On the issue of staleness

@sindresorhus posted this tweet today about a thing I remember writing about beforehand too (or at least have thought about it a lot): staleness

Controversial opinion: Stale issues in open source projects are fine. Auto-closing issues based on staleness is an annoyance to users and can drive potential contributors away. There must be a better way of handling issue overload.

@sindresorhus (

Here's a couple of short thoughts I have on the issue of staleness after maintaining things like brackets and our own projects for years.

Gosh, I am glad that my issue was marked as stale and closed

  • no-one ever

I, too, consider solutions like stale-bot annoying at best and very harmful at worst. It actively encourages some of the worst practices around: it undermines the user by assuming things without context and increases the signal-to-noise ratio by bumping old issues. Even worse, it forces the original poster and those that have the same issue to repeat those patterns.

It's a poor bandage for the real issue which is not staleness, but the overwhelming amount of work that open source maintenance can be.

Here's a list of ideas that I have found helpful when dealing with issues:

Help the users to win

Lead issue creators into the pit of success from the start by creating things like issues templates and contributing guidelines but keep them as simple and flexible as possible.
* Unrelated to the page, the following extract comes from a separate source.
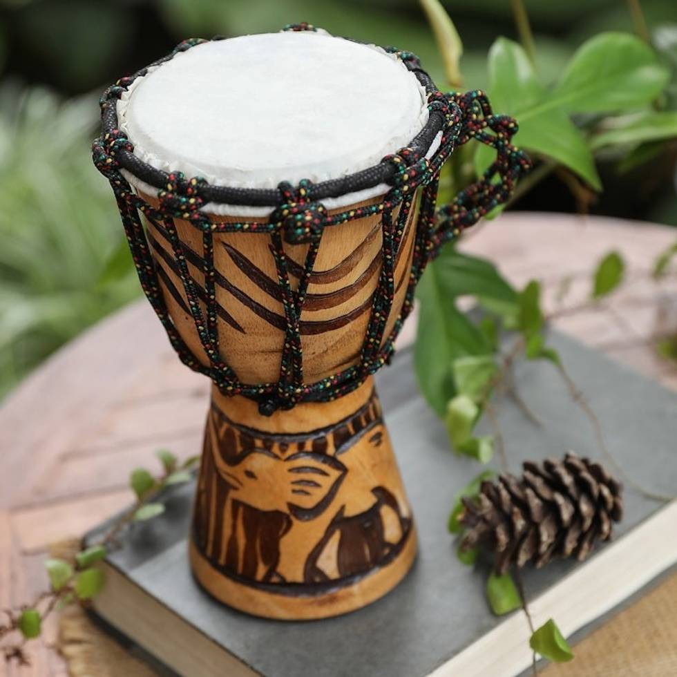 Elephant-Themed Mahogany Mini Djembe Drum from Bali 'Elephant Music' Item ID: 2671736938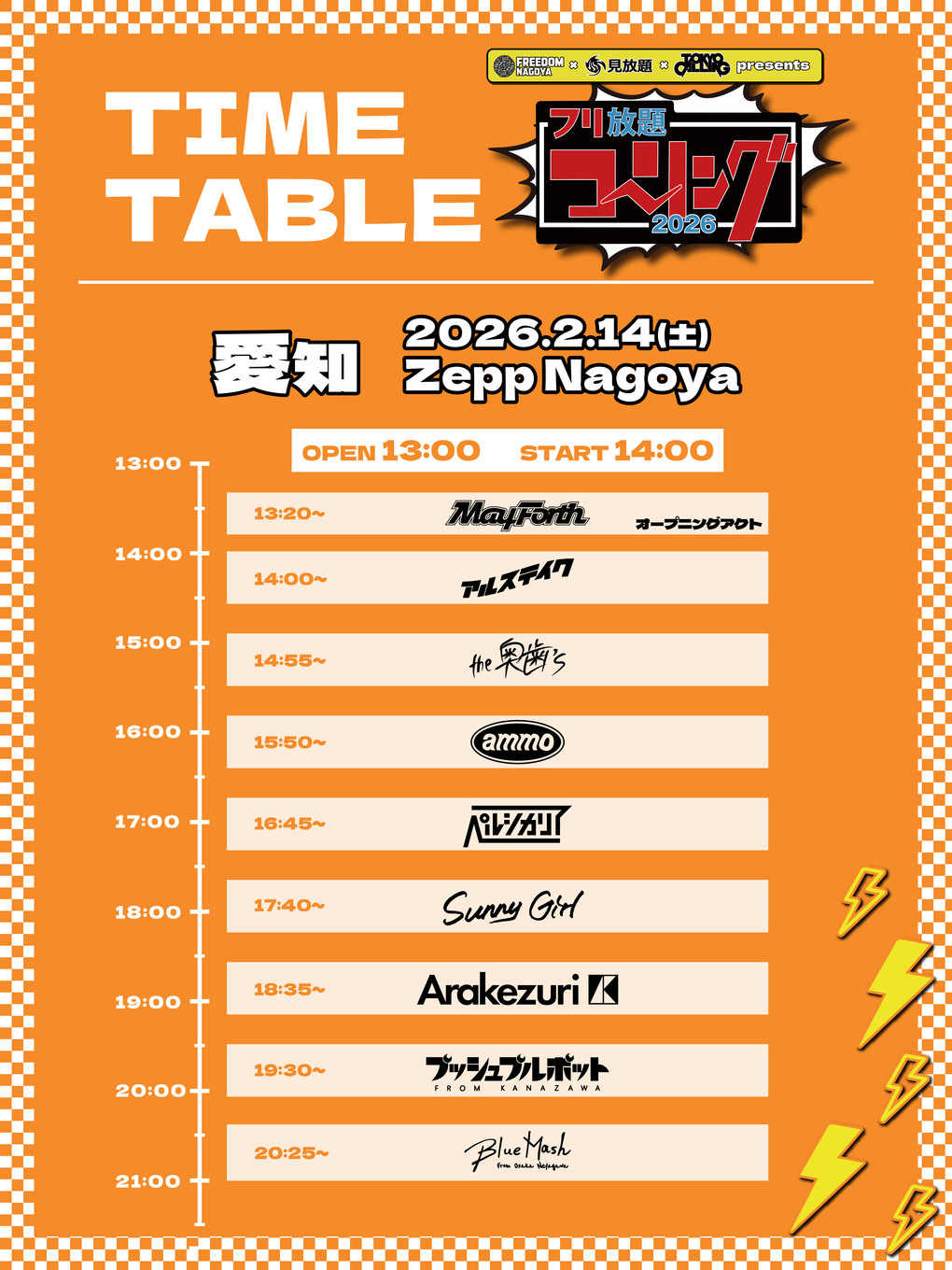 2/14(土) "フリ放題コーリング 2026" @愛知 Zepp Nagoya タイムテーブル解禁!

Requiring every field for every issue is most likely not needed anyway and will only confuse the filers from getting to the actual point of the issue. Even worse, quite often we see people leaving the issue templates there unfilled altogether.
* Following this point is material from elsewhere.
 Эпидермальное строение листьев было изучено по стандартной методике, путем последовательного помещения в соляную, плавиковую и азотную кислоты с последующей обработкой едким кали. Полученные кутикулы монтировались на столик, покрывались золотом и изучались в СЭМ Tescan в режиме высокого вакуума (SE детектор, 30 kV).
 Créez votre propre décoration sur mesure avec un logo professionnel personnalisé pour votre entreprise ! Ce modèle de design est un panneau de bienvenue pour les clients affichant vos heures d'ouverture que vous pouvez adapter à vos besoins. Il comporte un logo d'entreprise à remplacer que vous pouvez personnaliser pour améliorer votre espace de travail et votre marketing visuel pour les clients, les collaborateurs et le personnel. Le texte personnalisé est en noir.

If you require repros, make sure that you have templates that are up-to-date, comprehensive and easy-to-use, possibly in online services such as CodeSandbox.
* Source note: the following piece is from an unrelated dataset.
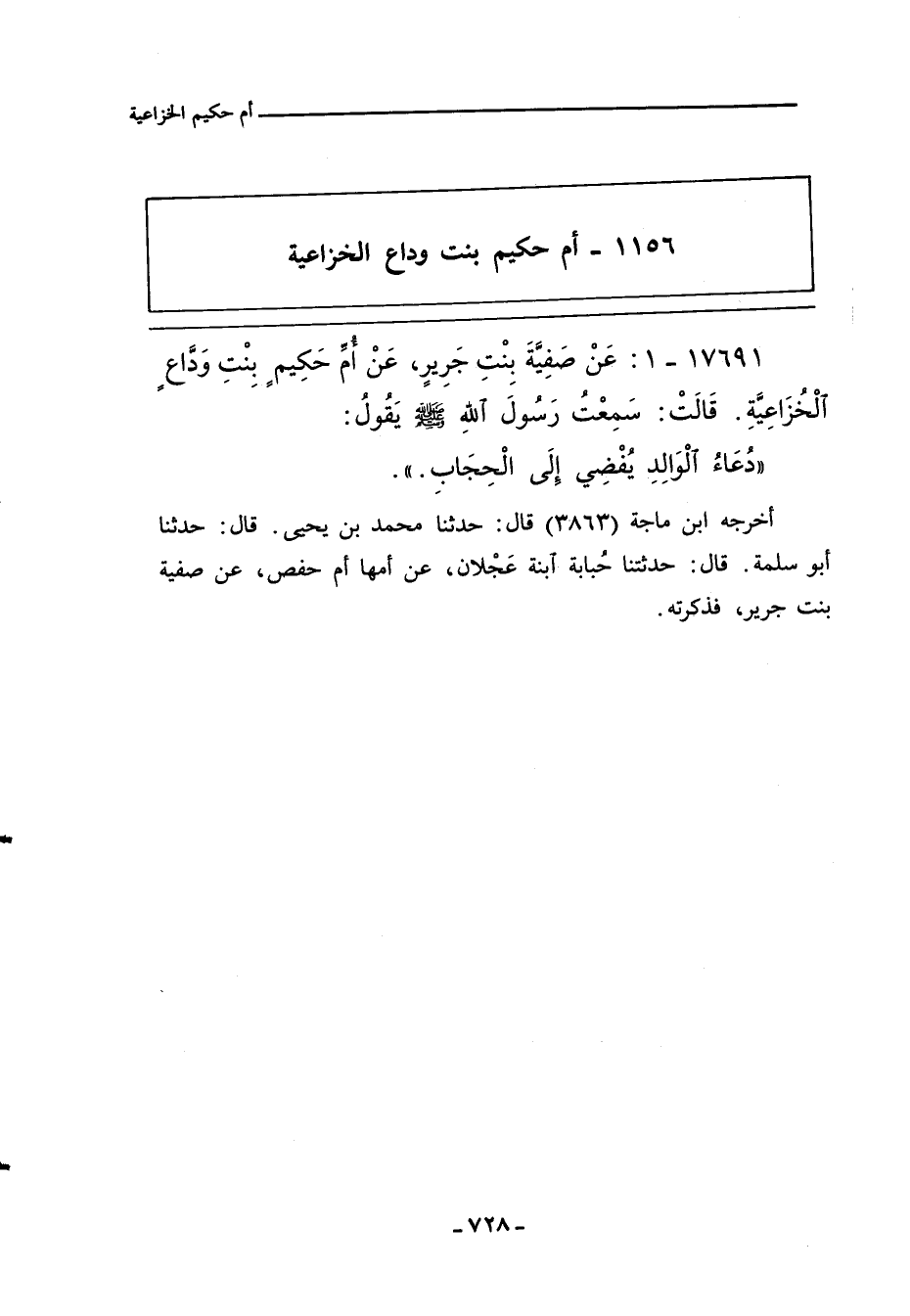 ١٧٦٩١ - عَنْ صَفِيَّةَ بِنْتِ جَرِيرٍ، عَنْ أم حَكِيمٍ بِنْتِ وَدَّاعٍ الْخُزَاعِيَّةِ. قَالَتْ: سَمِعْتُ رَسُولَ اللهِِ صلى الله عليه وسلم يَقُولُ:

If more information is needed, politely ask for them and mark the issue as such instead of closing the issue outright.

When to close issues then? I'd say close the issues when the problem is solved either by the user themselves with yourself or by a new release/commit/comment or any other actionable point.

Amount of issues !== quality of the codebase

The number next to the issues is often perceived as a metric for quality of the codebase when in reality it's more of a combination of popularity, complexity, code, and accessibility. Complex systems inherently have more issues than simple ones and popular things have a vast variety of users ranging from experts to beginners. Writing documentation in one language is HARD but for many users language in itself.

Instead of focusing on the amount, try to focus on the insights the issues give. See uprise of issues regarding upgrading the app? Build more documentation around the upgrade process, outline common issues or maybe even change the code. And like said, old does not invalid and staleness does not mean that the issue is solved.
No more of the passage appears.